The Prime Culprit

A very common complaint among PIV C1 users has been that Prime95 collapses on them while other stability checks go merrily on its way at the same speed, and that Prime only stabilizes at speeds much lower than the other tests.

While Prime has often been more sensitive than others in the past, it seems to be more so than usual here.

The problem might not be your machine, but an older version of Prime 95.

If you go to Prime 95’s revision history, you’ll see that a number of changes were made in versions 22.2-22.6 to correct bugs that created erroneous errors. In particular, versions 22.2 and 22.3 have revisions made because “version 21 was too aggressive in choosing FFT sizes for the P4.”

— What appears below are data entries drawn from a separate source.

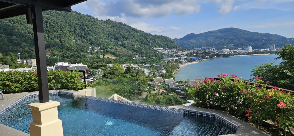 Mit einem tollen Blick auf den Patong Beach konnten wir unsere Unterkunft beziehen. Es ging auch direkt erst einmal zur Abkühlung mit Pils in den Pool.
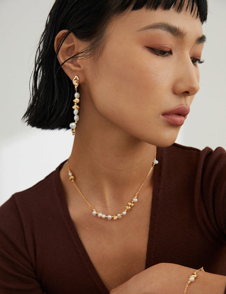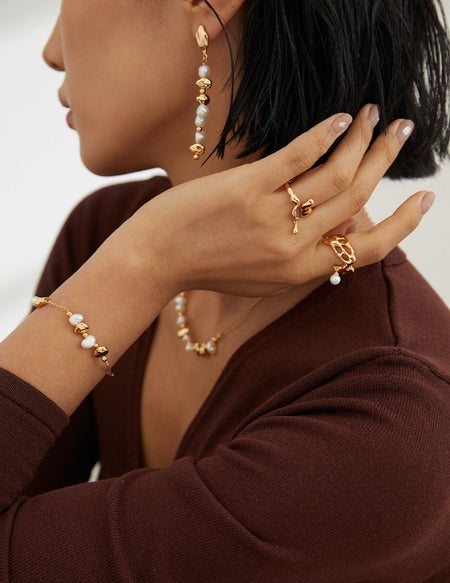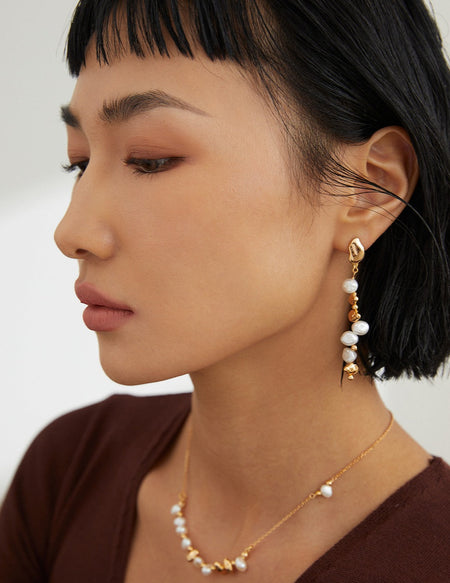 These Sterling Silver Natural Pearl Earrings highlight the organic elegance of baroque pearls, embracing their irregular yet mesmerizing shapes. With minimalist gold-tone detailing, the design lets the pearls shine, creating a sophisticated, effortlessly chic look inspired by French aesthetics.
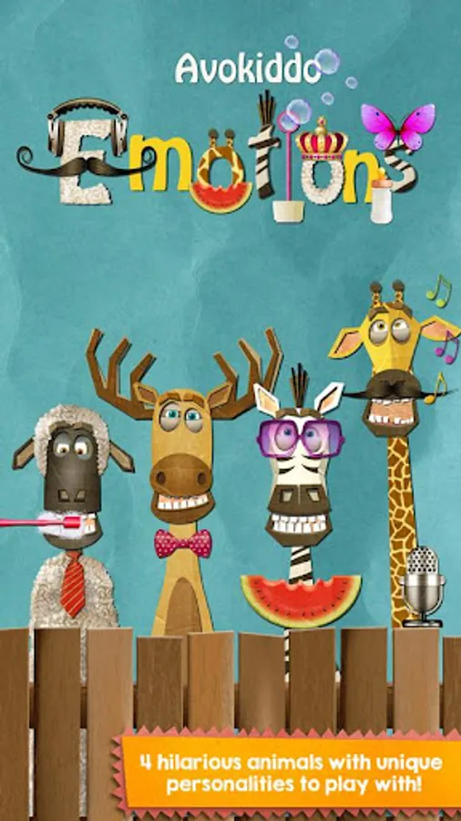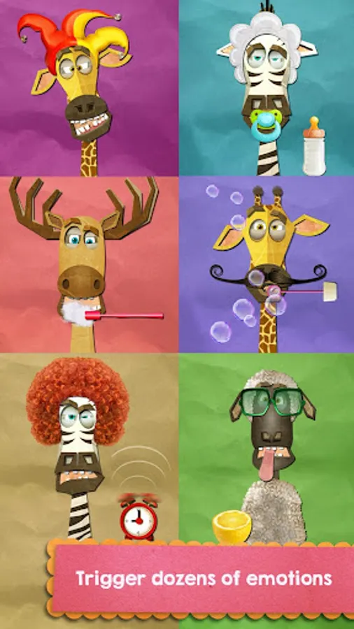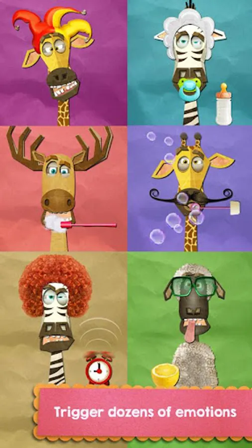 • 4 hilarious animals to play with: zebra, sheep, giraffe, moose
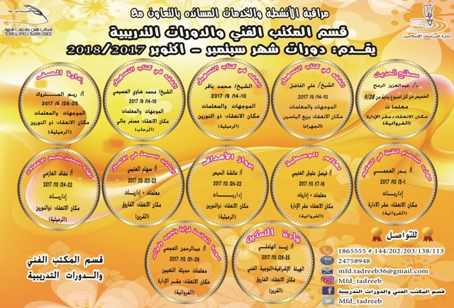 مراقبة الأنشطة والخدمات المساندة بالتعاون مع المكتب الفني والدورات التدريبية يقدم دورات شهر سبتمبر / اكتوبر 2017م للإستفسار والتواصل يرجى الإتصال على رقم 1865555 داخلي 203/113

This may/might be the reason why at least some machines are failing Prime 95 at speeds a good deal lower than other stability tests. Then again, it may well not; for instance, many of you may have well downloaded the last version when you tested your C1 in the first place.

But that’s what experimenting is for, to look into all the possibilities, and see whether or not any of them is the cause. My suspicion is that this isn’t THE reason, but may be the case in a few cases, especially when the error occurs well into testing.

If you want to see if that’s the case for your machine, download the latest version of Prime, and see if it stays stable at a speed higher than the earlier version.

Tell me if you does or doesn’t (or if you used the latest version in your initial test, and the machine still died sooner rather than later, tell me that, too).

If it does we’ll report on it; if it doesn’t, we’ll report on that, too.